— TASK TO COMPLETE —
Here the job is to copy the data exactly and to exclude every image from it.

(Beginning of PROVIDED MATERIAL)

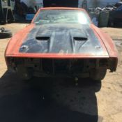 v8 stick carNo engine or transOriginal 9 inch intact, ratio unknownCar needs floor pans, inner and outer rockers, floor braces, gas tank.Frame is solid.Front and center door posts solid.Trunk has a few small rusted areas, nothing major.Spare tire well solid.Have clock and radio delete platesPair of very rare front fiberglass fenders3 hoodsComplete back seat - excellent shape.No front seat or head light buckets.Radiator support very usableAll glass present, drivers door glass crackedBody is real straight, except for dent in passenger door.
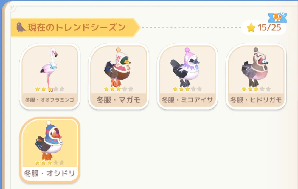 しかし、5種類目の『冬服オシドリ』は特定の条件が必要であり、激レア枠です。
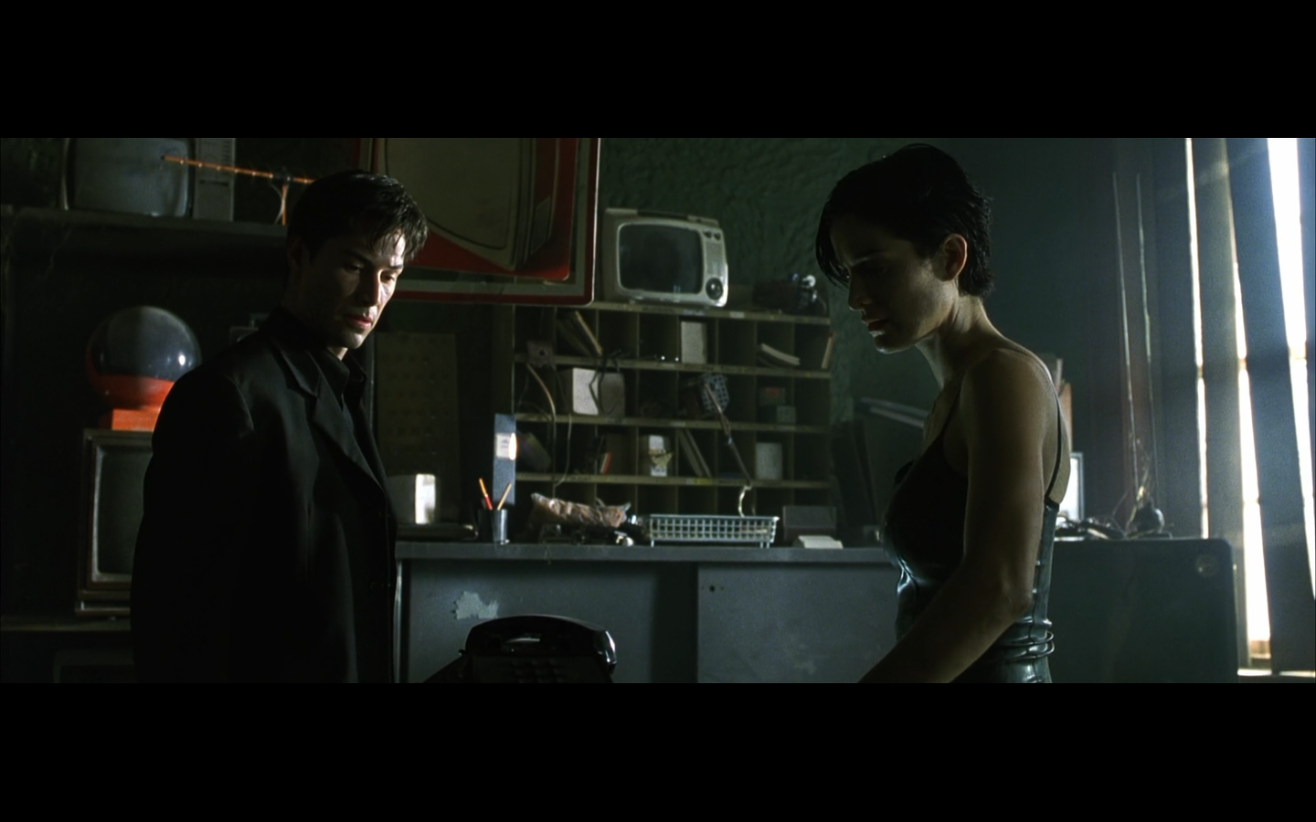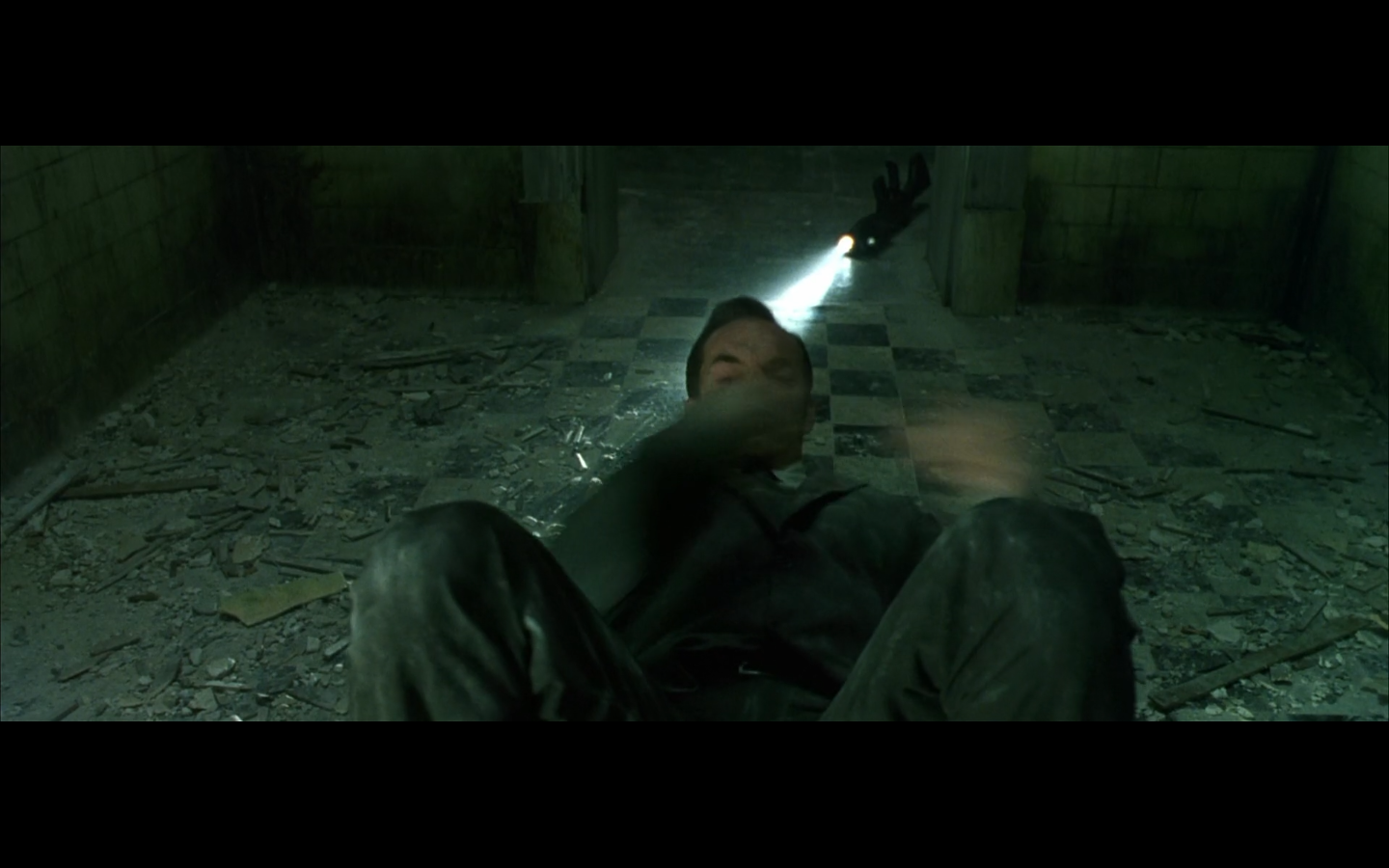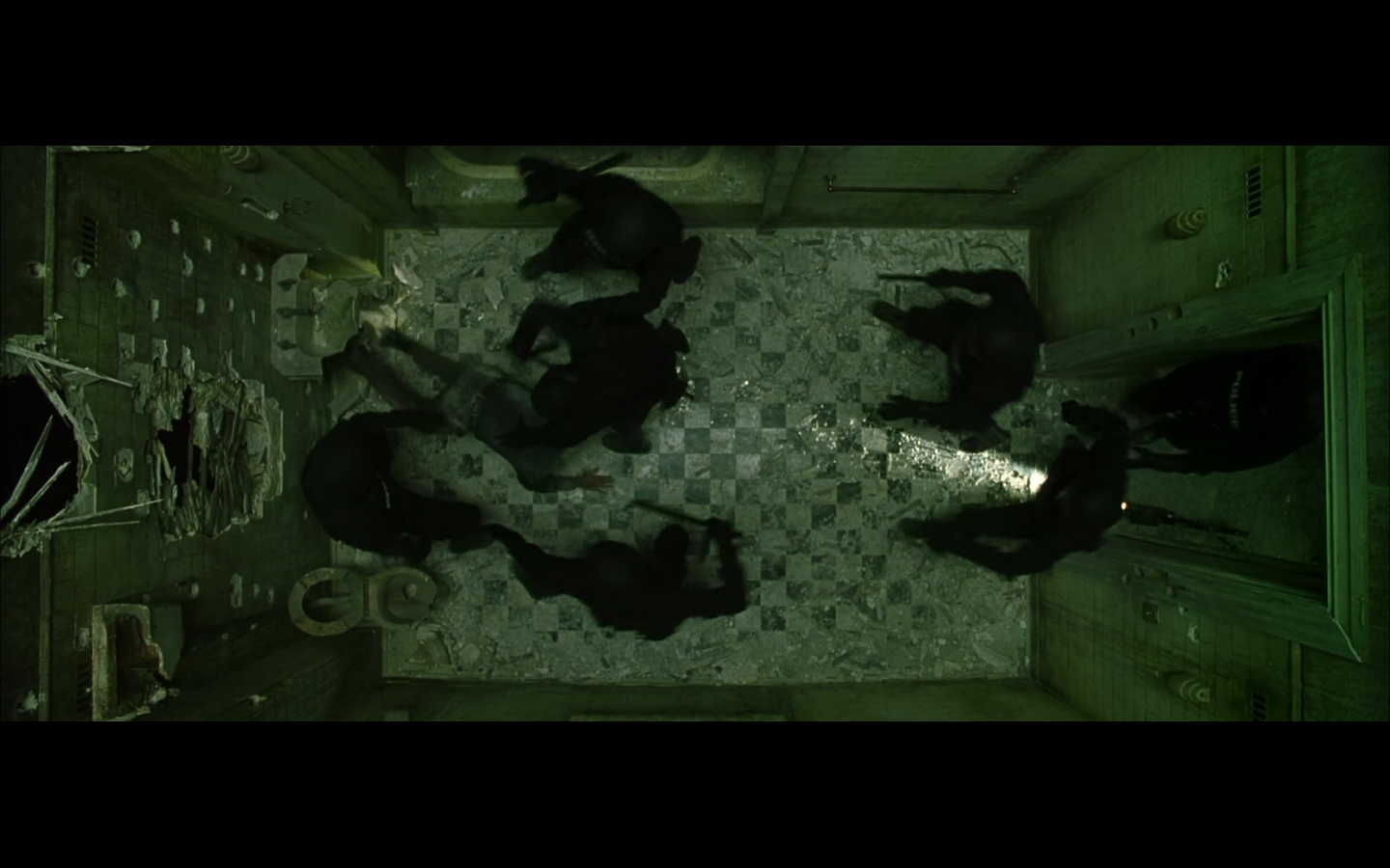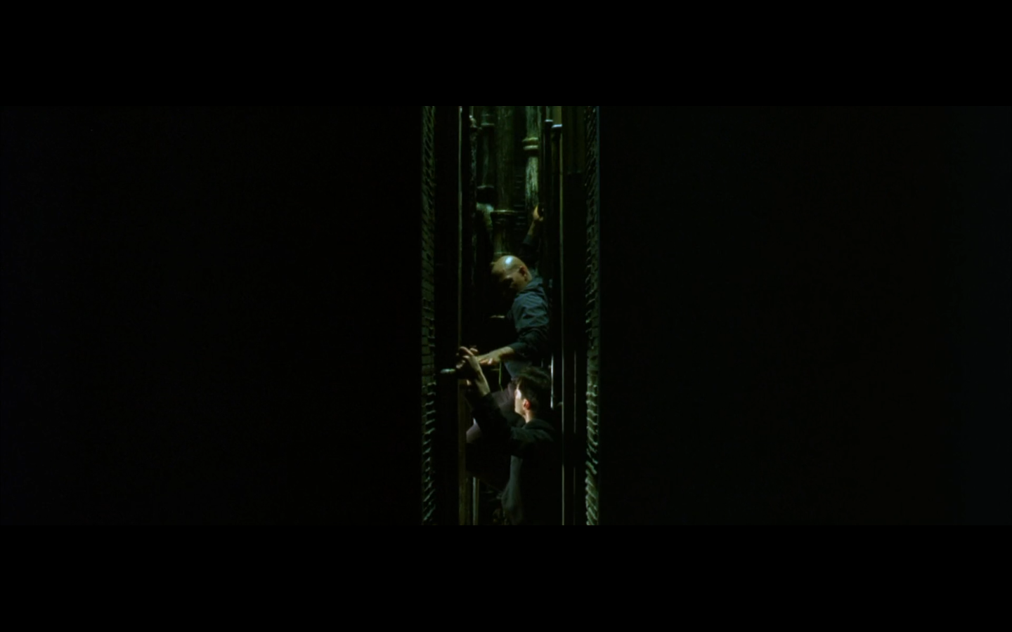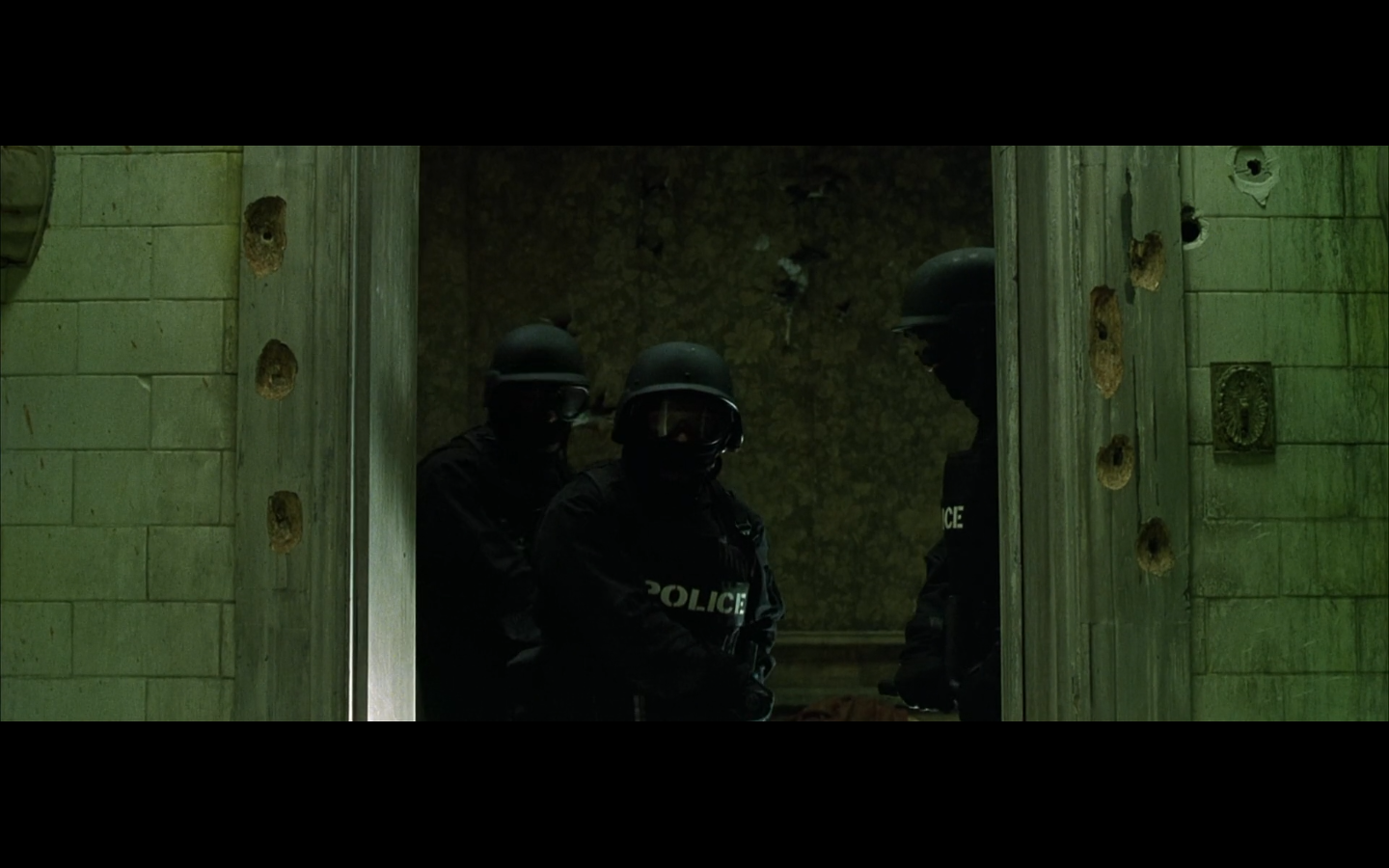 P.S. At the end of this shot, you can see Carrie Anne Moss fumbling with the door handle. They cut away right before badass became awkward.

(End of PROVIDED MATERIAL)

— RESPONSE TO THIS TASK —
 v8 stick carNo engine or transOriginal 9 inch intact, ratio unknownCar needs floor pans, inner and outer rockers, floor braces, gas tank.Frame is solid.Front and center door posts solid.Trunk has a few small rusted areas, nothing major.Spare tire well solid.Have clock and radio delete platesPair of very rare front fiberglass fenders3 hoodsComplete back seat - excellent shape.No front seat or head light buckets.Radiator support very usableAll glass present, drivers door glass crackedBody is real straight, except for dent in passenger door.
 しかし、5種類目の『冬服オシドリ』は特定の条件が必要であり、激レア枠です。
 P.S. At the end of this shot, you can see Carrie Anne Moss fumbling with the door handle. They cut away right before badass became awkward.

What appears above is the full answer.